* **DATA BELOW**
★ ★ ★ ★ ★

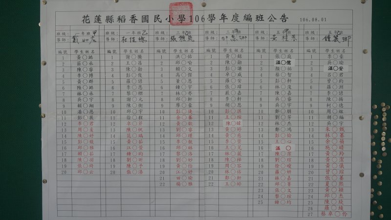 花蓮縣稻香國民小學106學年度編班公告 106.08.01
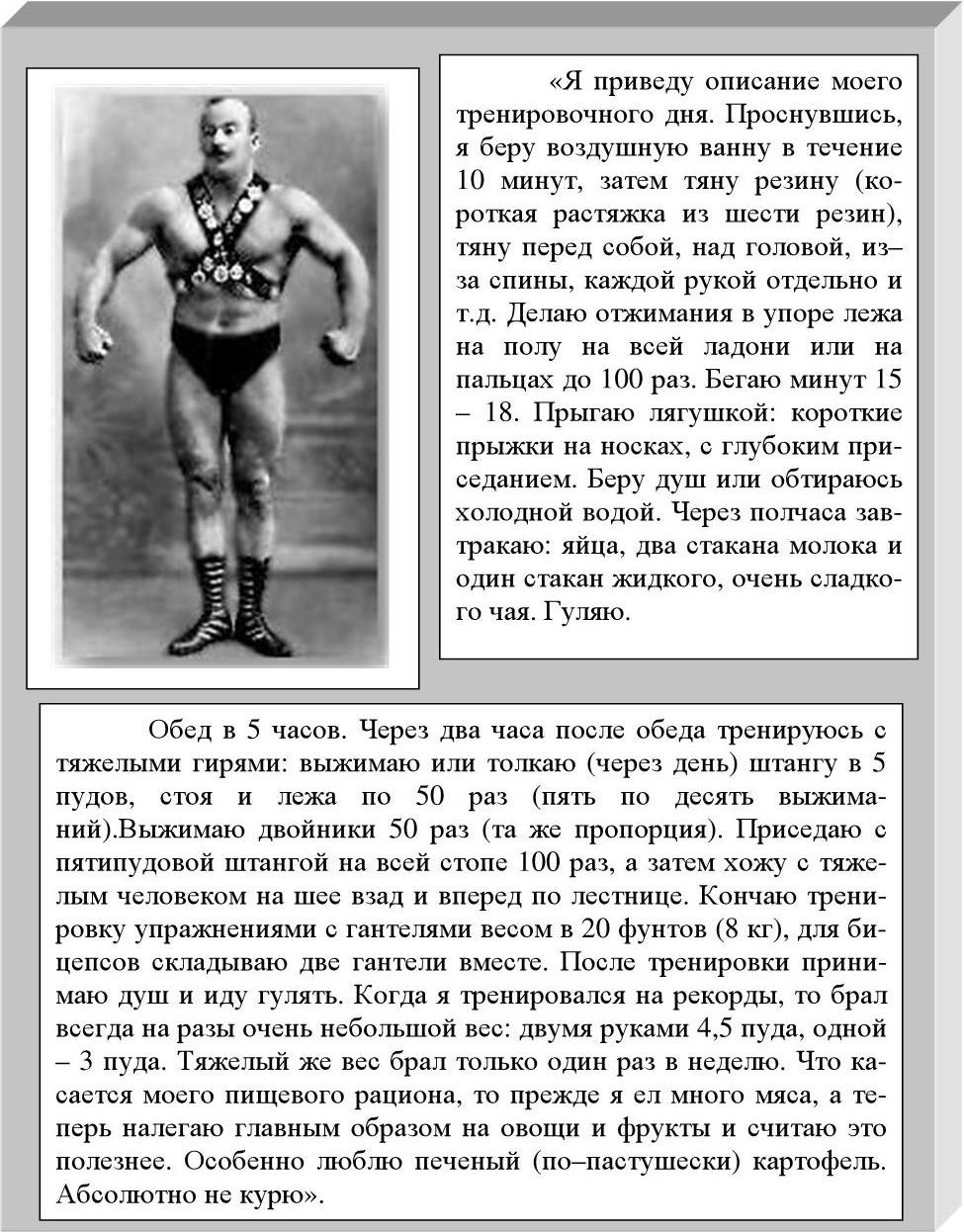Для развития мышц ног он набил на подошвы ботинок свинцовые пластины, в которых набегал не один десяток километров по прилегающим к дому холмам. Выполнял несчетное количество разнообразных упражнений с самодельной штангой, гирями, гантелями. С точки зрения современных методов тренировки, он самостоятельно без научного руководства сумел предугадать ключевые моменты тренировки ведущих атлетовсовременности.Вравнойстепениэтоможноотнестикрежимупитания, быта, личной дисциплинированности примером которой он всегда служил для представителей спортивного мира того времени.
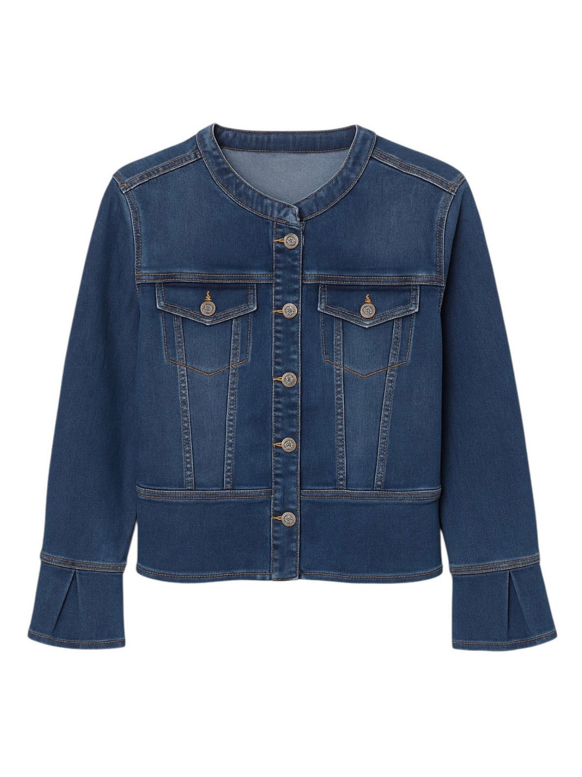 Smart denim jakke fra 2 BIZ i stilfuld kort design med rund hals, 3/4 ærmer med peplum manchet samt knaplukning og brystlomme effekt.Længde: 50 cm
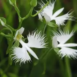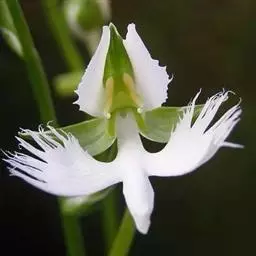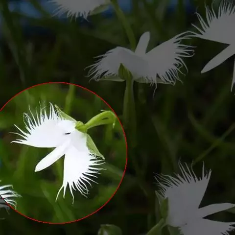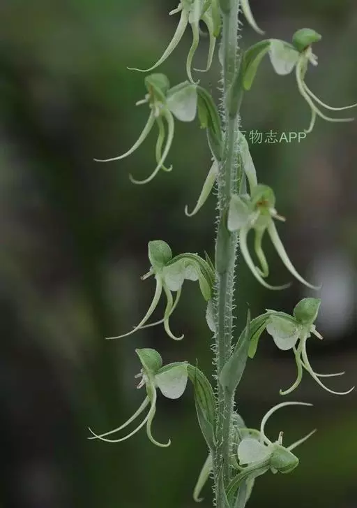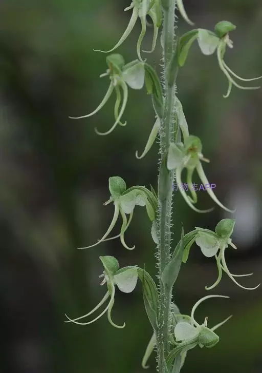 植株高25-60厘米。块茎肉质,长椭圆形或长圆形,长3-5厘米,直径1.5-2.5厘米。茎粗,直立,圆柱形,近中部具5-6枚叶,向上有5-10枚疏生的苞片状小叶。叶片椭圆状披针形、倒卵状匙形或长椭圆形,长5-16厘米,宽2-5厘米,先端渐尖或急尖,基部收狭抱茎。总状花序具6-15朵花,长9-23厘米,花葶具棱,棱上具长柔毛;花苞片卵形,长13-15毫米,先端渐尖,边缘具缘毛,较子房短;子房圆柱状纺锤形,扭转,具棱,棱上有细齿,连花梗长23-25毫米,先端弯曲,具喙;花白色或绿白色,罕带粉色,中等大;中萼片宽卵形,凹陷,兜状,长6-9毫米,宽5.5-8毫米,先端急尖或稍钝,近顶部边缘具睫毛,具5脉,背面具3条片状具细齿或近全缘的龙骨状突起,与花瓣靠合呈兜状;侧萼片反折,强烈偏斜,卵形,长6.5-10毫米,宽4-7毫米,具3-4条弯曲的脉,前部边缘臌出,宽圆形,先端急尖;花瓣直立,斜披针形,不裂,长6-7毫米,基部宽2-3毫米,先端渐尖或长渐尖,具1脉,外侧增厚;唇瓣较萼片长,基部3深裂,裂片极狭窄,丝状,并行,向上弯曲,中裂片长16-18毫米,下垂,基部无胼胝体;侧裂片长20-22毫米;距圆筒状棒形,长21-27毫米,向末端逐渐或突然膨大,下垂,中部明显向前弯曲或前部稍弯曲,稍长于或短于子房,末端钝;药室基部伸长的沟与蕊喙臂伸长的沟两者靠合成细的管,管前伸,长约2毫米,稍向上弯;柱头2个,隆起,长圆形,长约1.5毫米。花期7-9月。

★ ★ ★ ★ ★

Word for word, restate the lines above from the one with "Для развития мышц" through the one with "Smart denim jakke", keeping both ends and dropping the pictures.

* **EXERCISE SOLUTION**
Для развития мышц ног он набил на подошвы ботинок свинцовые пластины, в которых набегал не один десяток километров по прилегающим к дому холмам. Выполнял несчетное количество разнообразных упражнений с самодельной штангой, гирями, гантелями. С точки зрения современных методов тренировки, он самостоятельно без научного руководства сумел предугадать ключевые моменты тренировки ведущих атлетовсовременности.Вравнойстепениэтоможноотнестикрежимупитания, быта, личной дисциплинированности примером которой он всегда служил для представителей спортивного мира того времени.
 Smart denim jakke fra 2 BIZ i stilfuld kort design med rund hals, 3/4 ærmer med peplum manchet samt knaplukning og brystlomme effekt.Længde: 50 cm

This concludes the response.